- What you should do
Going line by line through the entries below, count those that contain "السالم". Give the number by itself.

****

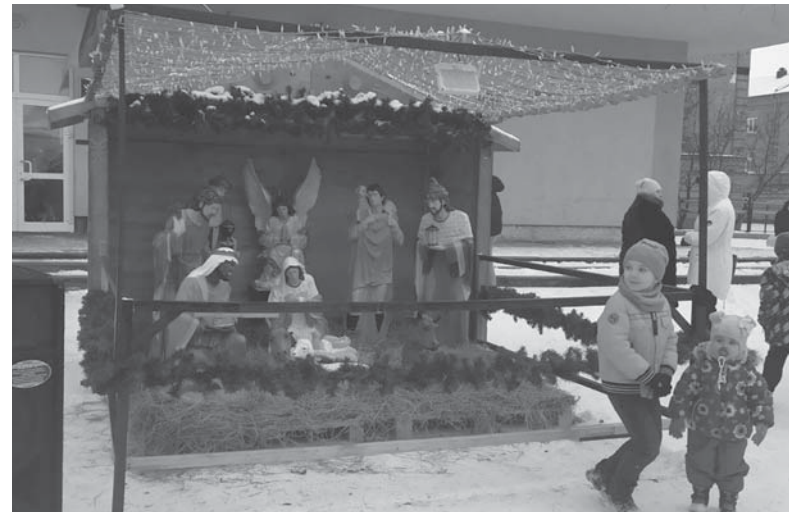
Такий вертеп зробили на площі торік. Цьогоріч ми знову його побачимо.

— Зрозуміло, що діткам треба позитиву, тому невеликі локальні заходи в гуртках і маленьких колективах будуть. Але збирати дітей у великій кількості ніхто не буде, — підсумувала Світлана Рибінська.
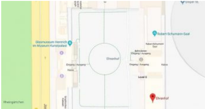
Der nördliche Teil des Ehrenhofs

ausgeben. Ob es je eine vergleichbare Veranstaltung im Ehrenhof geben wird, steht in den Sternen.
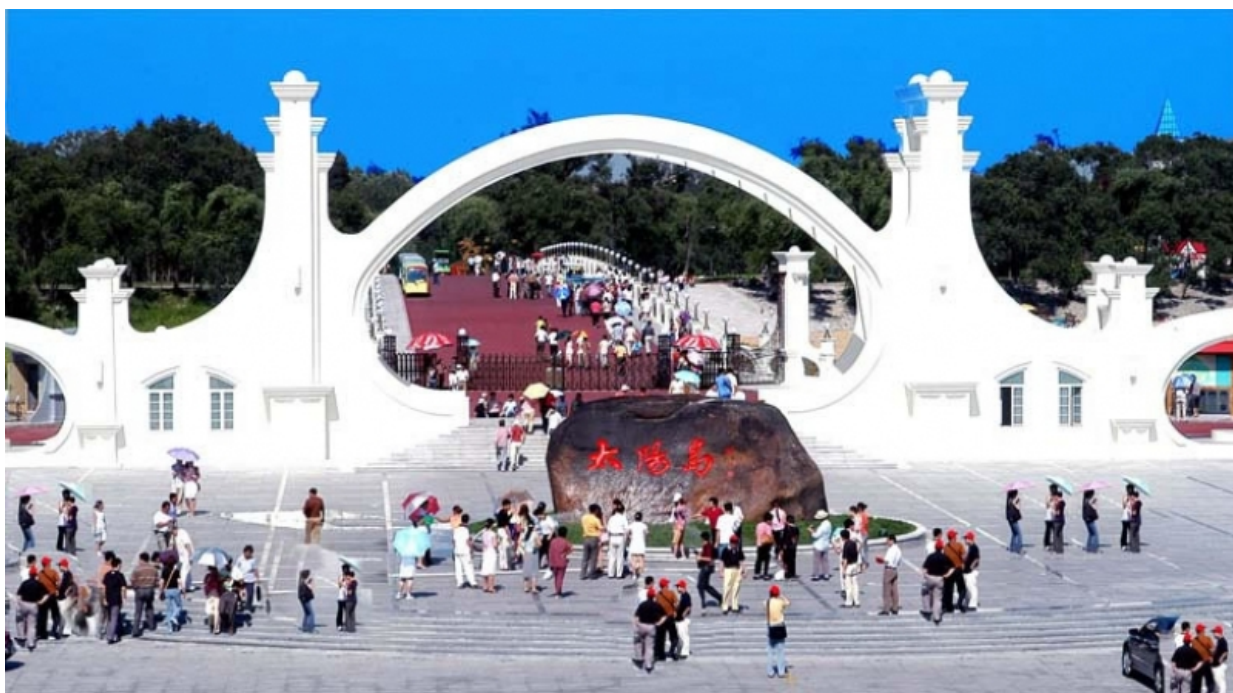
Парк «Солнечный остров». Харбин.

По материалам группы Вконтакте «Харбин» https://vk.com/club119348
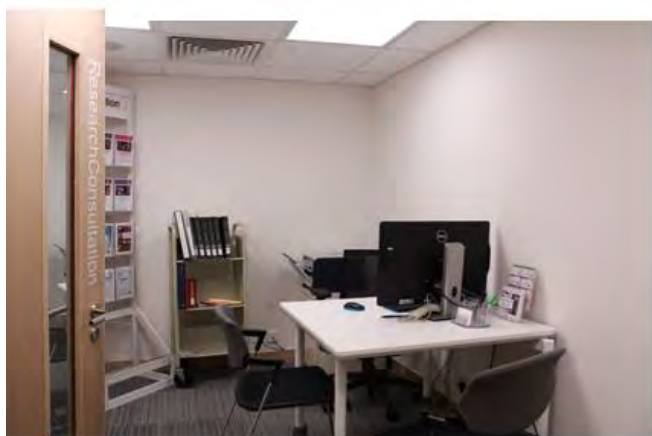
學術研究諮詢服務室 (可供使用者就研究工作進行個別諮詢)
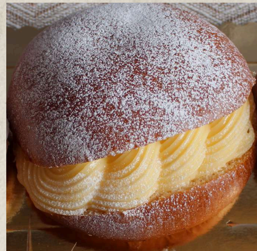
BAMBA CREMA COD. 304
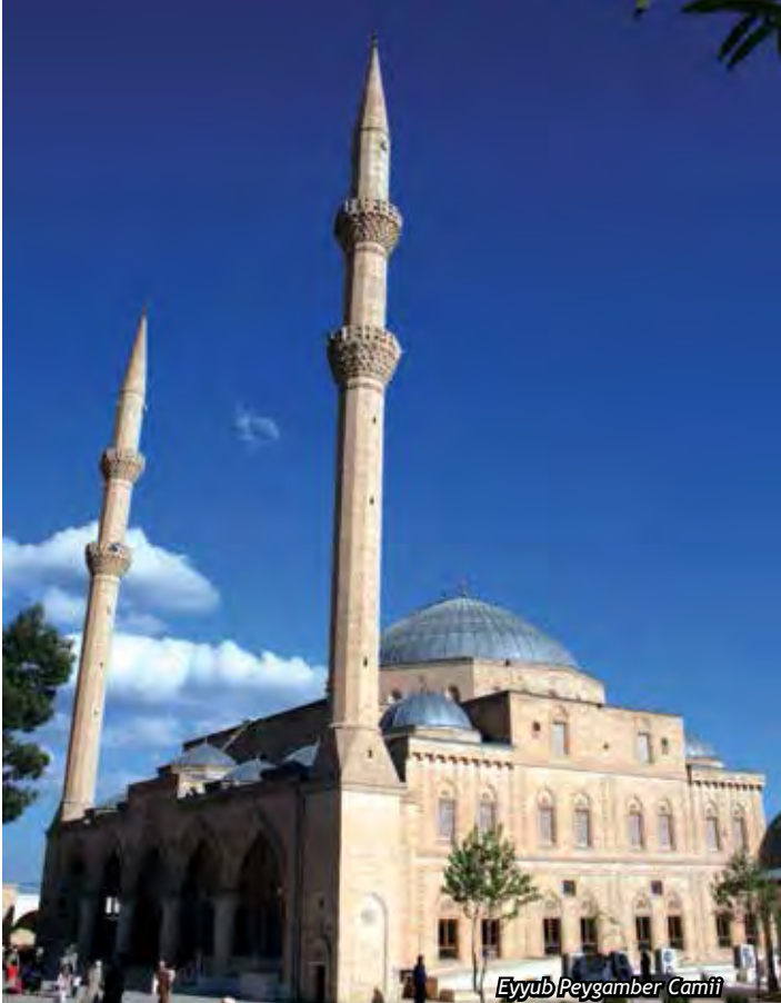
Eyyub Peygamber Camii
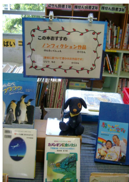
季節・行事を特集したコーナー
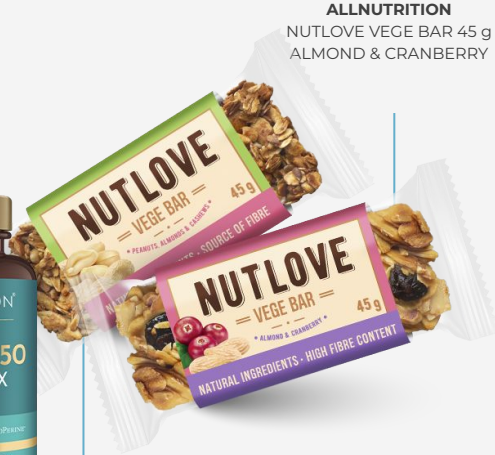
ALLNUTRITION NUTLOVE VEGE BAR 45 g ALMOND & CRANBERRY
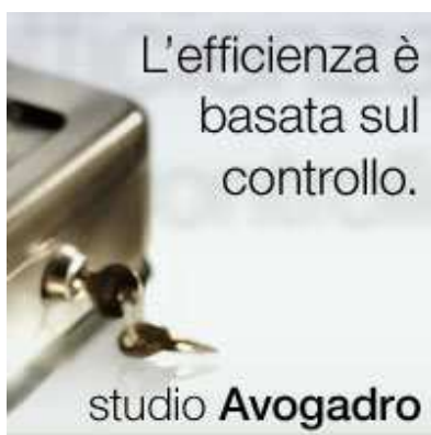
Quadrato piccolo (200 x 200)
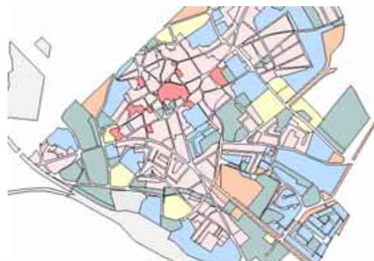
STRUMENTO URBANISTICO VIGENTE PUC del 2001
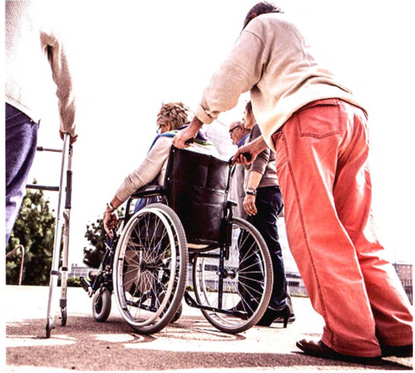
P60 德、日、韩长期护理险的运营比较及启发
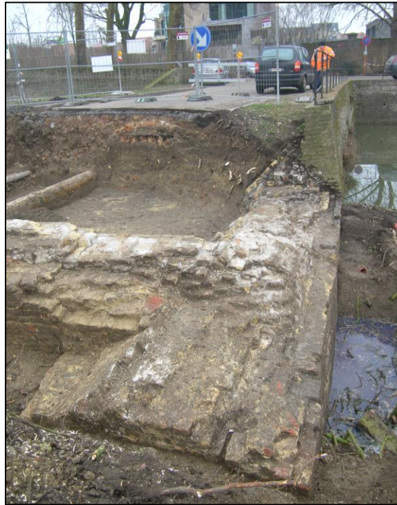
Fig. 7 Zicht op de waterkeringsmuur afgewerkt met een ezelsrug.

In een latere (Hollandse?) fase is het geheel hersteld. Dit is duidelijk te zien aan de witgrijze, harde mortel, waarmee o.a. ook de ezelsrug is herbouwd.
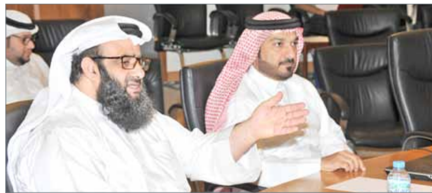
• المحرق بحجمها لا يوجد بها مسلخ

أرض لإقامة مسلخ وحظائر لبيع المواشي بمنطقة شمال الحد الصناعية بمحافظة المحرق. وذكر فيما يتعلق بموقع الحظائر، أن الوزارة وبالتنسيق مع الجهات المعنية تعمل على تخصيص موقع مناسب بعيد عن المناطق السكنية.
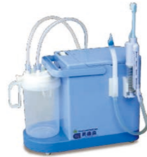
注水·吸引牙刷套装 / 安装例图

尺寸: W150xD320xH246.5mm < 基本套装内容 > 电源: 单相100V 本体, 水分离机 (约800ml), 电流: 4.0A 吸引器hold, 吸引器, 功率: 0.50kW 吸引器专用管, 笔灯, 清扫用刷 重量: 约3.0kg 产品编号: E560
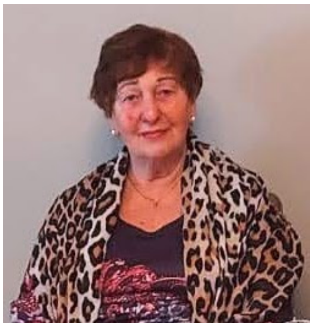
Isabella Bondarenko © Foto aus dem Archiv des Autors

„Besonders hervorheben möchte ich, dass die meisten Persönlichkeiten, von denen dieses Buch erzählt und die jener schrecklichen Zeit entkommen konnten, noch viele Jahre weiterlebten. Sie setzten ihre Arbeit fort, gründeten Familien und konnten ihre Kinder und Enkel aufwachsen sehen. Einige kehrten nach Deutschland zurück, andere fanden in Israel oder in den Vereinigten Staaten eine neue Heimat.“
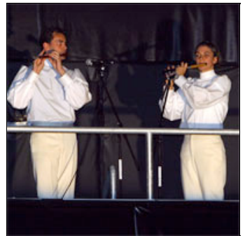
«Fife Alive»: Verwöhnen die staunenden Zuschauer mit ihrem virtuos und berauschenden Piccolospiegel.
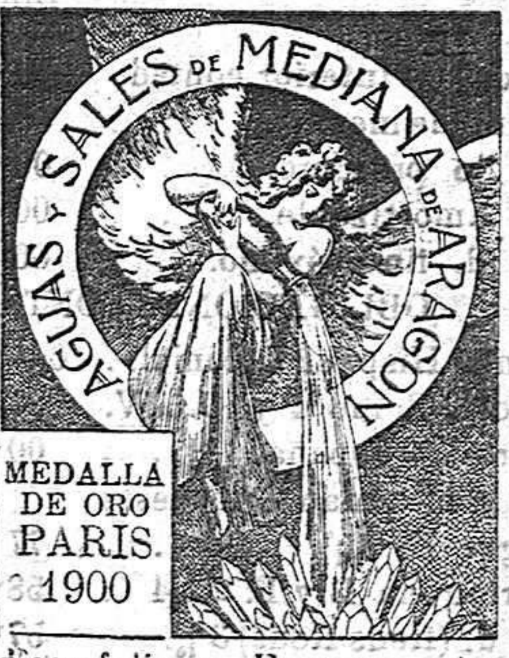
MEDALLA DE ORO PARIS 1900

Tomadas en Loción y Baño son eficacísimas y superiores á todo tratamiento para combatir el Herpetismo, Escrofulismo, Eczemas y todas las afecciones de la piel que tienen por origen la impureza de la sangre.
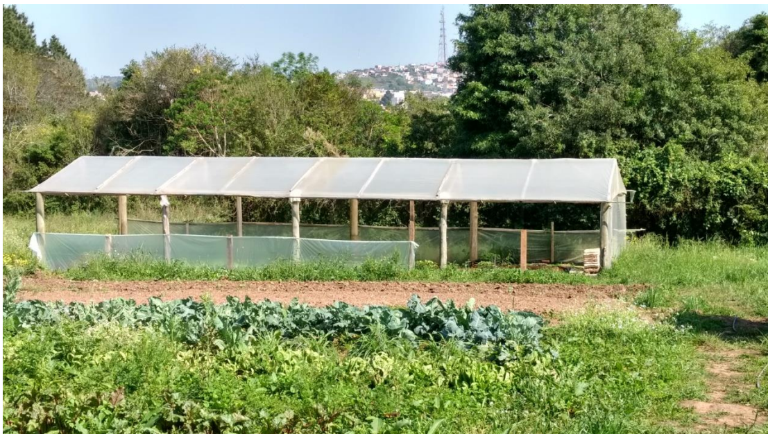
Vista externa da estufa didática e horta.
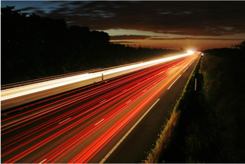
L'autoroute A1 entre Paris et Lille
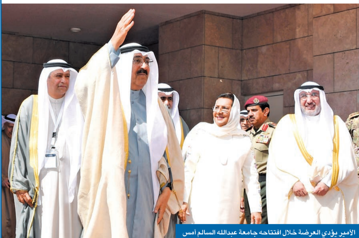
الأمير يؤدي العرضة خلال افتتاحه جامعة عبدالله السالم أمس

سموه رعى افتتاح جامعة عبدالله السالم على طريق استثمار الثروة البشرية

****

- Response area
2